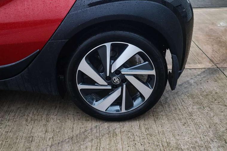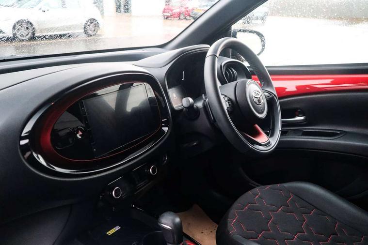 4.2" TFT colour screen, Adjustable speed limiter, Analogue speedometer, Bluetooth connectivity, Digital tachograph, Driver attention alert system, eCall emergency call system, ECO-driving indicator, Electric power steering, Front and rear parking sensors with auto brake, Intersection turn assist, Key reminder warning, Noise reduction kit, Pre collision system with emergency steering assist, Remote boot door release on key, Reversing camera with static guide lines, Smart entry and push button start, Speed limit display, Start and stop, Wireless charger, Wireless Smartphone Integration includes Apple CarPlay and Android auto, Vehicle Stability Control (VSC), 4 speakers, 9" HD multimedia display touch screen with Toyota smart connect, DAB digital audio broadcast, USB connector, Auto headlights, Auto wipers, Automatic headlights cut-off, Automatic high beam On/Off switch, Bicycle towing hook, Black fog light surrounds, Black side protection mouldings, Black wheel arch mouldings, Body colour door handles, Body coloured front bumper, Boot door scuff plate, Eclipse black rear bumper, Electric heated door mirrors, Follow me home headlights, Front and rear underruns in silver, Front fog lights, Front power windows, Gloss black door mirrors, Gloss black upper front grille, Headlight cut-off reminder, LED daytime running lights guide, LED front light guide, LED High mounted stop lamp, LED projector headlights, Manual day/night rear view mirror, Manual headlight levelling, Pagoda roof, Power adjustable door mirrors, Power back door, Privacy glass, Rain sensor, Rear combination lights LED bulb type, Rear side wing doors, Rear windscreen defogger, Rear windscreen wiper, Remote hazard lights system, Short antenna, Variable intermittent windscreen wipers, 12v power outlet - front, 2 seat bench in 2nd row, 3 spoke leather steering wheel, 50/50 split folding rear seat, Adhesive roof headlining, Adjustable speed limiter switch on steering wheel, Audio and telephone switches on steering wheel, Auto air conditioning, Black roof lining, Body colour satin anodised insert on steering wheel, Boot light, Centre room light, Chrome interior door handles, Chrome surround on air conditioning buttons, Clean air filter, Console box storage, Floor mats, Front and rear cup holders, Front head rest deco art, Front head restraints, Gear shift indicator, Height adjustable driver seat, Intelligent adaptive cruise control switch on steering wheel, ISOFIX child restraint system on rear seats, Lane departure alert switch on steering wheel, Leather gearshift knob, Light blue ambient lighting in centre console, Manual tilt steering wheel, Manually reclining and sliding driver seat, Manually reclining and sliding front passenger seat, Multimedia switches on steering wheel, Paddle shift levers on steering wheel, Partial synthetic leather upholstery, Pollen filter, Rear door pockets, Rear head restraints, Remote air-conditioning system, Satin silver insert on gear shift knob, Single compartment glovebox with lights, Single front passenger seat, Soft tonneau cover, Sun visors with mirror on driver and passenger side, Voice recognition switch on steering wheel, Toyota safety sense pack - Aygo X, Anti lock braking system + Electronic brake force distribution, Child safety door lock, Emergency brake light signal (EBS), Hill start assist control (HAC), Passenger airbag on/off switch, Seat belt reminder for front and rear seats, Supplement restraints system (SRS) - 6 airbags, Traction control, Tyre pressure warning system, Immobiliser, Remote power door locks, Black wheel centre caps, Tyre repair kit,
·····
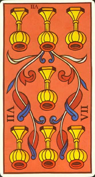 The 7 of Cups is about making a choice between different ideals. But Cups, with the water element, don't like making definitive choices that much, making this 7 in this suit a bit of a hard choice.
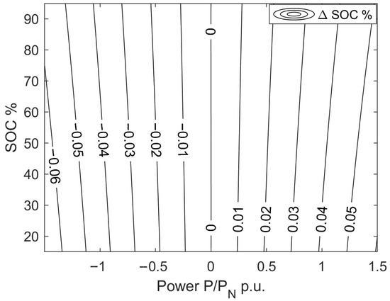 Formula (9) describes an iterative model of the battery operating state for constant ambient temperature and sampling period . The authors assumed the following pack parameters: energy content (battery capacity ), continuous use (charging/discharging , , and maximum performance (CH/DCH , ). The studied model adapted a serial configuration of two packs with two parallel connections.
·····
## WHAT YOU ARE ASKED TO DO
With the pictures left out, write out exactly the lines above from the one containing "The 7 of Cups" through the one containing "Formula (9) describes".

## OUTPUT OF THE EXERCISE
 The 7 of Cups is about making a choice between different ideals. But Cups, with the water element, don't like making definitive choices that much, making this 7 in this suit a bit of a hard choice.
 Formula (9) describes an iterative model of the battery operating state for constant ambient temperature and sampling period . The authors assumed the following pack parameters: energy content (battery capacity ), continuous use (charging/discharging , , and maximum performance (CH/DCH , ). The studied model adapted a serial configuration of two packs with two parallel connections.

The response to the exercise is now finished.